Bilim adamları ‘unutulmuş’ deniz yosunu cinsini diriltiyor

1800’lerin sonlarında bilim adamları, deniz şakayıkları, mercanlar ve denizanaları da dahil olmak üzere bazı ılıman deniz hayvanlarının dokularında gözlemledikleri “sarı hücreler” karşısında şaşkına döndüler. Bu hücreler hayvanın bir parçası mıydı yoksa ayrı organizmalar mıydı? Ayrılarsa, parazit miydiler yoksa ev sahibine bir fayda sağladılar mı?
Dergide yayınlanan bir makalede Doğa 1882’de Edinburgh Üniversitesi’nden biyolog Sir Patrick Geddes, bu hücrelerin yalnızca ayrı varlıklar olduğunu değil, aynı zamanda içinde yaşadıkları hayvanlara da faydalı olduklarını öne sürdü.
Onları yeni bir cinse atadı, Filozoon — Yunanca “arkadaş olarak sevmek” anlamına gelen phileo ve “hayvan” anlamına gelen zoon’dan — ve ardından kariyer yönünü kentsel planlama ve tasarıma çevirdi. Zamanla Geddes’in bilimsel katkıları büyük ölçüde unutuldu ve Filozoon cins adı hiç kullanılmamıştır.

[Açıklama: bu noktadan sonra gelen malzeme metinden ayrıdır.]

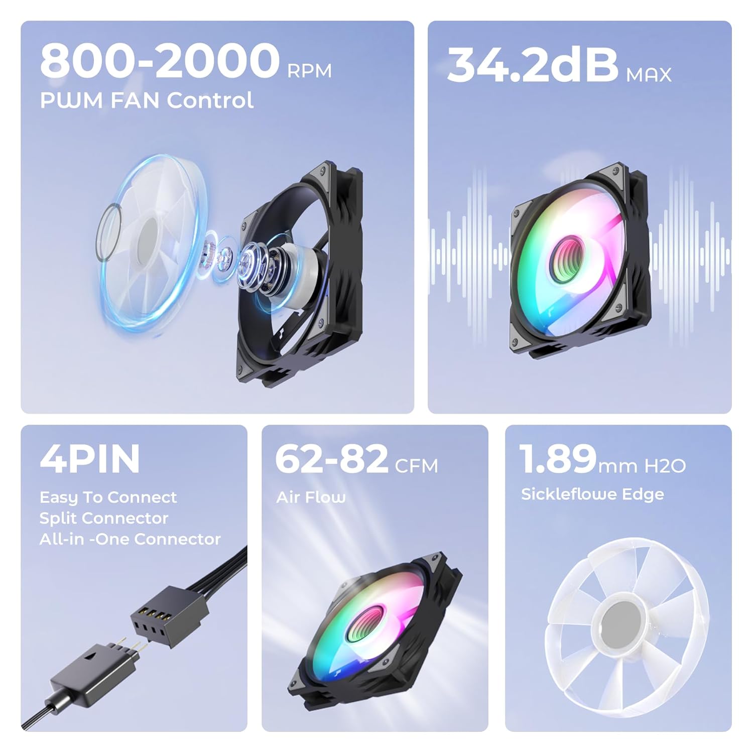 - Parámetros del ventilador: Más información sobre los ventiladores: Velocidad: 2000 RPM, tamaño: 2 Pcs 4.724×4.724×0.984 in, ruido ≤34.2 dBA, interfaz de fuente de alimentación: 4PIN PWM, interfaz de luz: 5V/3PIN ARGB, flujo de aire: 62-82 CFM (MAX)

Şimdi araştırmacılar Penn Eyaleti ve diğer kuruluşlar, Geddes’ten sonra Symbiodiniaceae familyasında fotosentetik algler olduğu belirlenen bu sarı hücreleri yeniden incelediler. İçindeABD Ulusal Bilim Vakfı-finansmanlıders çalışma yayınlanan Avrupa Psikoloji Dergisiekip cinsi yeniden canlandırdı Filozoon Geddes’in araştırdığı iki alg türünü ve altı yeni ilgili türü karakterize etmek için modern teknolojileri kullanarak.

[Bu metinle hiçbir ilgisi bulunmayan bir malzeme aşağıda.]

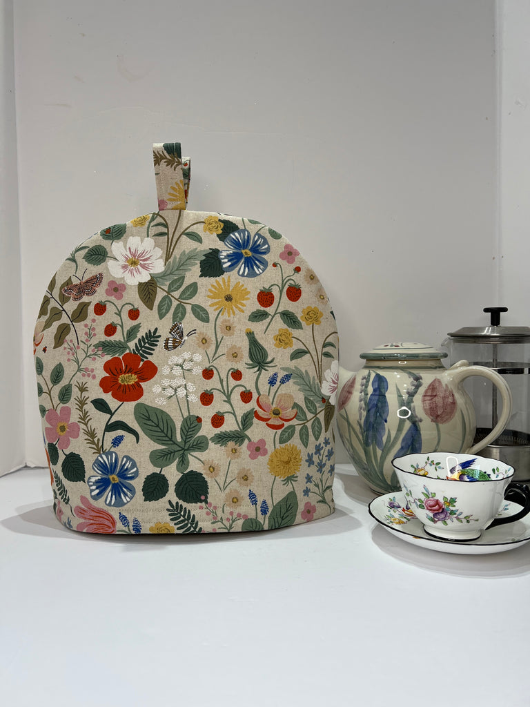 Fabric: Each tea cozy is handmade using premium Rifle Paper Co Linen Canvas in Strawberry Fields Midnight outer fabric.

Makalenin baş yazarı Todd LaJeunesse, “Patrick Geddes, bir hayvanın dokularındaki sarı hücrelerin – mikro alg ortakyaşamları – ekolojik önemini fark ederek, fotosentetik bir hayvan yaratma konusunda zamanının ilerisindeydi” dedi. “Artık mikroorganizmaların tüm çok hücreli organizmalarla ortaklaşa yaşadığını biliyoruz; örneğin, insan bağırsak mikrobiyomlarımızı oluşturan bakteriler genel sağlığımız için çok önemlidir. Filozoon cinsi, bu doğa tarihçisinin çalışmalarını onurlandırıyoruz.”